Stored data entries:
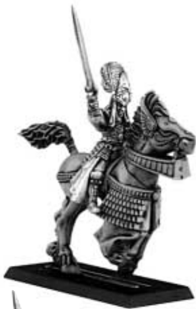
HIGH ELF ELLYRIAN REAVER CHAMPION £4 complete
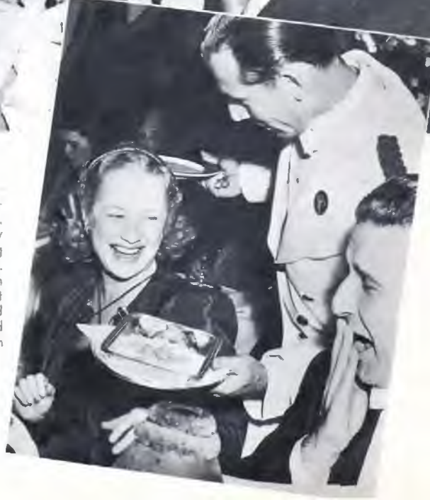
RIGHT: Seldom-photographed Miriam Hopkins, caught in a gay mood while dining at Ciro's recently. Blase gentleman barely seen at right of picture could not be identified by the cameraman
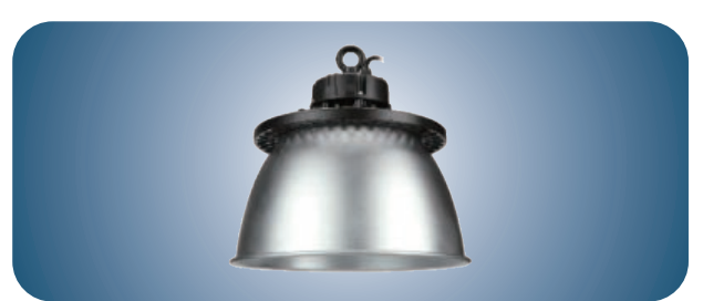
HBV HIGH BAY
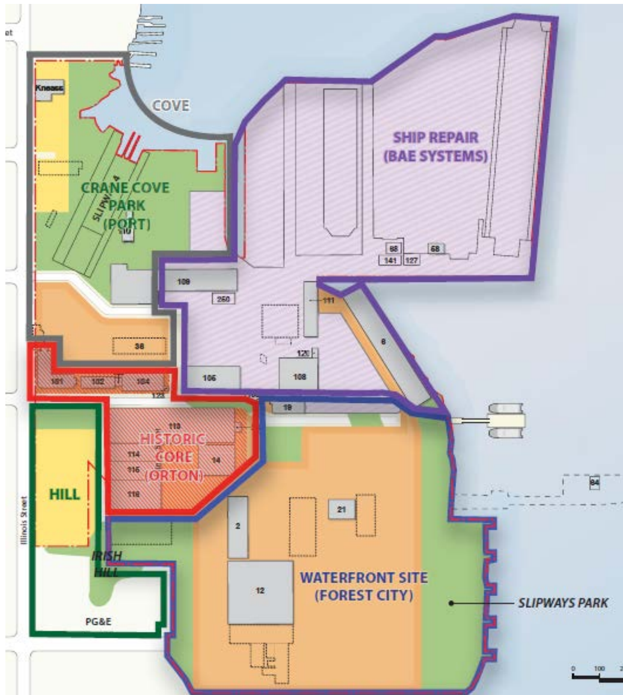
Figure 1: Existing and Proposed Pier 70 Projects
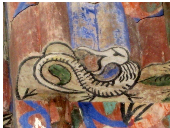
Figure 22. Image of Dragon, Seyyed Mahale Shia Deh Saqanefar, Babol city
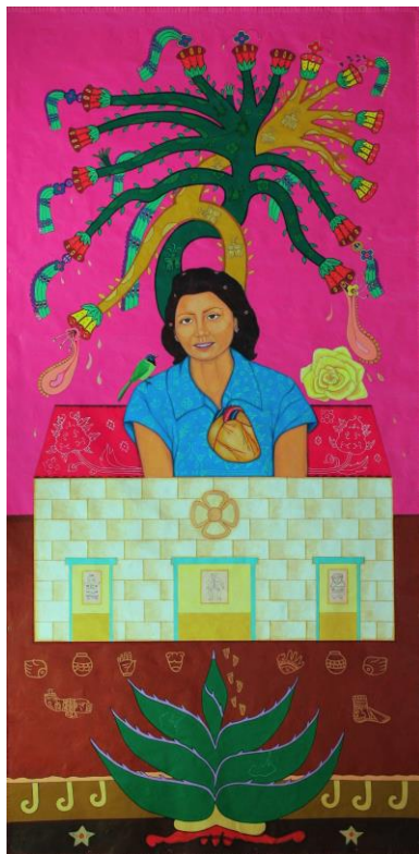
Fig. 2. Santa C. Barraza, Mujeres Nobles Series: Frances con el Arbol de la Vida , 2011. Acrylics on amate paper, 49 1/2 x 97 1/2 in.

MT: Hearing you speak about the significance of the source material that you've drawn upon makes me think about your work and your ability to bring in imagery from Mesoamerican culture and recontextualize it. You bring this imagery to life through your use of color, because we often see the images as inscriptions on stone or black-and-white illustrations. Similarly, in historical photographs, like the Casasola photographs, the historical details often feel very remote, but you bring them forward and integrate them across historical eras. This is especially apparent in your Mujeres Nobles series, in works such as Frances con el Arbol de la Vida , which features your mother (fig. 2). Can you tell me how you approach working with such a rich array of source material?
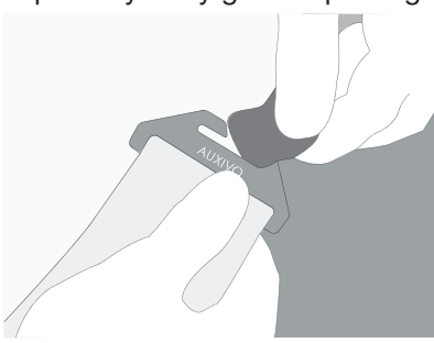
Then squeeze the loop onto the shorter side of the hook. Repeat the process for the lower connection and the other side.
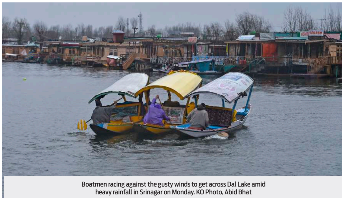
Boatmen racing against the gusty winds to get across Dal Lake amid heavy rainfall in Srinagar on Monday.

A local from the Qamarwari area of Srinagar told the news agency Kashmir News Trust over the phone that the long power cuts have irked the people. "The KPDCCL sucks the blood of poor people, dispatching fatty bills but not offering decent service," he said. KNT

HOW TO COMPLETE THIS TASK: Give the data again exactly, without pictures.

TASK ANSWER:
HIGH ELF ELLYRIAN REAVER CHAMPION £4 complete
RIGHT: Seldom-photographed Miriam Hopkins, caught in a gay mood while dining at Ciro's recently. Blase gentleman barely seen at right of picture could not be identified by the cameraman
HBV HIGH BAY
Figure 1: Existing and Proposed Pier 70 Projects
Figure 22. Image of Dragon, Seyyed Mahale Shia Deh Saqanefar, Babol city
Fig. 2. Santa C. Barraza, Mujeres Nobles Series: Frances con el Arbol de la Vida , 2011. Acrylics on amate paper, 49 1/2 x 97 1/2 in.

MT: Hearing you speak about the significance of the source material that you've drawn upon makes me think about your work and your ability to bring in imagery from Mesoamerican culture and recontextualize it. You bring this imagery to life through your use of color, because we often see the images as inscriptions on stone or black-and-white illustrations. Similarly, in historical photographs, like the Casasola photographs, the historical details often feel very remote, but you bring them forward and integrate them across historical eras. This is especially apparent in your Mujeres Nobles series, in works such as Frances con el Arbol de la Vida , which features your mother (fig. 2). Can you tell me how you approach working with such a rich array of source material?
Then squeeze the loop onto the shorter side of the hook. Repeat the process for the lower connection and the other side.
Boatmen racing against the gusty winds to get across Dal Lake amid heavy rainfall in Srinagar on Monday.

A local from the Qamarwari area of Srinagar told the news agency Kashmir News Trust over the phone that the long power cuts have irked the people. "The KPDCCL sucks the blood of poor people, dispatching fatty bills but not offering decent service," he said. KNT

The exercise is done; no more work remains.